A beneficial effect of rising the temperature to 45°C is the decrease of the interfacial resistance Ri≈RSEI. After 100 hours of storage, Ri value decreases from 6000 Ω cm2 at 20°C to 1000 Ω cm2 at 45°C, a value which is similar to that obtained without SA. This decrease cannot only be interpreted on the basis of an increased ionic conductivity of the mineral layer (according to the CSL model) but rather on a structure change of the outer layer of the interphase. It is very likely that the outer layer which is mainly polymeric undergoes a change in porosity or, in amorphous regions, a glass transition phenomenon. This hypothesis will be supported thereafter by experimental results.

Conclusions

The effect of succinic anhydride, dissolved in an EC/EMC-LiPF6 electrolyte, on lithium and graphite electrode interfaces has been studied with the aim to determine the mechanisms implied. It has been first shown that the addition of 1% of SA to the electrolyte increases the impedance of the lithium/electrolyte interface drastically at 20°C. The SEI growth at the lithium/electrolyte interface is controlled by diffusion with a strong dependency on the temperature as at 45°C the SEI growth rate is slower. In the presence of SA in the electrolyte, the Gr reversible capacity is as low as 25 mA h g−1 at 20°C but ten times larger when the cell is operated at 45°C. This is explained on the basis of a large ohmic drop associated with a resistive SEI, which decreases when the temperature is set to 45°C. In order to avoid any influence of the film formed at the lithium counter electrode in half cells, which is very resistive in the presence of SA, the Gr/electrolyte interface was studied by means of symmetrical Gr/Gr cells at 45°C. Cycling experiments confirm that at the first cycle the full Gr capacity is recovered when SA is not added to the electrolyte. In such symmetric cell, the reversible capacity fades upon cycling for an unknown reason but in any case, capacity values remain lower in presence of SA. This proves that SA has globally a negative impact on the Gr/electrolyte interface as well as the Li/electrolyte.

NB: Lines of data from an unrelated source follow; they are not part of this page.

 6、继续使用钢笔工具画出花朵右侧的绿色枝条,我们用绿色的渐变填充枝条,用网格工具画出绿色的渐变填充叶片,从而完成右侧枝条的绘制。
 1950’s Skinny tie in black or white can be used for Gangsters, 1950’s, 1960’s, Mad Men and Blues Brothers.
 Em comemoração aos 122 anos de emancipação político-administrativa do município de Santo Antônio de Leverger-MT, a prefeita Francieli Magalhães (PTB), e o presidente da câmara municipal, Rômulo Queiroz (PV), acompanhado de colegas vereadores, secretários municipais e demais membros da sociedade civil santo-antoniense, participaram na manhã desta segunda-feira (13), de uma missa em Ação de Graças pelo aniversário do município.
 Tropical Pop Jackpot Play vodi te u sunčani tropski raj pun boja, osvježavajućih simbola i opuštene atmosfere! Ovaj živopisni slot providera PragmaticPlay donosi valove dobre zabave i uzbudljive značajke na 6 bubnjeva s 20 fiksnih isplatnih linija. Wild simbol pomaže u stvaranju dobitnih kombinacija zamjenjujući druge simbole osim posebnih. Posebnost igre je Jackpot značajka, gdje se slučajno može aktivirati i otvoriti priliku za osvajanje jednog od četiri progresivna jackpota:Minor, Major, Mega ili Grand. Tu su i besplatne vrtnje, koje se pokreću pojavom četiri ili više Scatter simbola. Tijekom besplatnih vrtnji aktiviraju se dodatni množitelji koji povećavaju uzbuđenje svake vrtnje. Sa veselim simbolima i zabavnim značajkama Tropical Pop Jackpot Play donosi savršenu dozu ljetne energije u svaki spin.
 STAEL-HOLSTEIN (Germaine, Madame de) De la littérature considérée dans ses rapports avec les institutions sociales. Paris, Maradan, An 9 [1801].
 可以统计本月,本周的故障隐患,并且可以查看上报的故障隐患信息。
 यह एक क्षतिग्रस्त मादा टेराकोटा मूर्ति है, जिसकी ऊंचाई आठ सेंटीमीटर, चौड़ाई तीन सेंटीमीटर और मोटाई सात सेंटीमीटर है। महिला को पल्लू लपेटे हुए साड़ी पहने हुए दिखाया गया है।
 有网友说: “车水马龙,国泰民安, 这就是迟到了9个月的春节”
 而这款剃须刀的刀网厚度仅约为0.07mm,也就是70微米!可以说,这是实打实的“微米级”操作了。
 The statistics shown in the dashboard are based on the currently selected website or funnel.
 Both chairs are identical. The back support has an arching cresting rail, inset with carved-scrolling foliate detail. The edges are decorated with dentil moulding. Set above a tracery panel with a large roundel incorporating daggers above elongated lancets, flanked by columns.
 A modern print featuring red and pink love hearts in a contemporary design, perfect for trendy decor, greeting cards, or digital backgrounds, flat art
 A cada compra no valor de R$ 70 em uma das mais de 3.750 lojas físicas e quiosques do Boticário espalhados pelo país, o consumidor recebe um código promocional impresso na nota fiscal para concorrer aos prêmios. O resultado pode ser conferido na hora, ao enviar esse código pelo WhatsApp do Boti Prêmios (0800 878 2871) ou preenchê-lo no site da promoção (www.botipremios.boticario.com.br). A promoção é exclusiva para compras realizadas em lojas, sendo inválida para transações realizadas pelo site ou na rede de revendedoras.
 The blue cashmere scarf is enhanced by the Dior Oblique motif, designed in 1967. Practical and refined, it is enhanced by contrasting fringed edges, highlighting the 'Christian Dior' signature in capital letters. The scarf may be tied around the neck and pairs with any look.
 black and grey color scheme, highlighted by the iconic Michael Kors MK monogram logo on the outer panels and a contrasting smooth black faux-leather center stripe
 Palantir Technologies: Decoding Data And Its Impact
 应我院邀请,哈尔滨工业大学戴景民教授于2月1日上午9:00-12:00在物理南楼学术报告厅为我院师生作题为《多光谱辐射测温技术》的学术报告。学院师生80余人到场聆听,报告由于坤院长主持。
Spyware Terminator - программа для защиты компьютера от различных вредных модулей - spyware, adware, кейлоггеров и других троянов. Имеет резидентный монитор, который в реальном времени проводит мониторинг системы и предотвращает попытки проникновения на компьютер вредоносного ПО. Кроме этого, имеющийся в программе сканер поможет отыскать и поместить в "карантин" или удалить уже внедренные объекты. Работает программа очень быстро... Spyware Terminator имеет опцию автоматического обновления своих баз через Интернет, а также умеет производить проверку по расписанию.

XPS measurements show that the composition of the SEI formed on Gr is richer in organic and polymeric compounds and poorer in LinFm clusters or lithiated species when SA is added, their scarce presence hindering lithium conduction through the SEI film. GC-MS analysis show that, after cycling in presence of SA, the electrolyte does not contain any ethylene glycol bis-(alkylcarbonate) derivatives which are commonly observed in standard alkylcarbonate based electrolytes and attributed to solvents reduction. A mechanism enlightening the role of SA during SEI formation is proposed.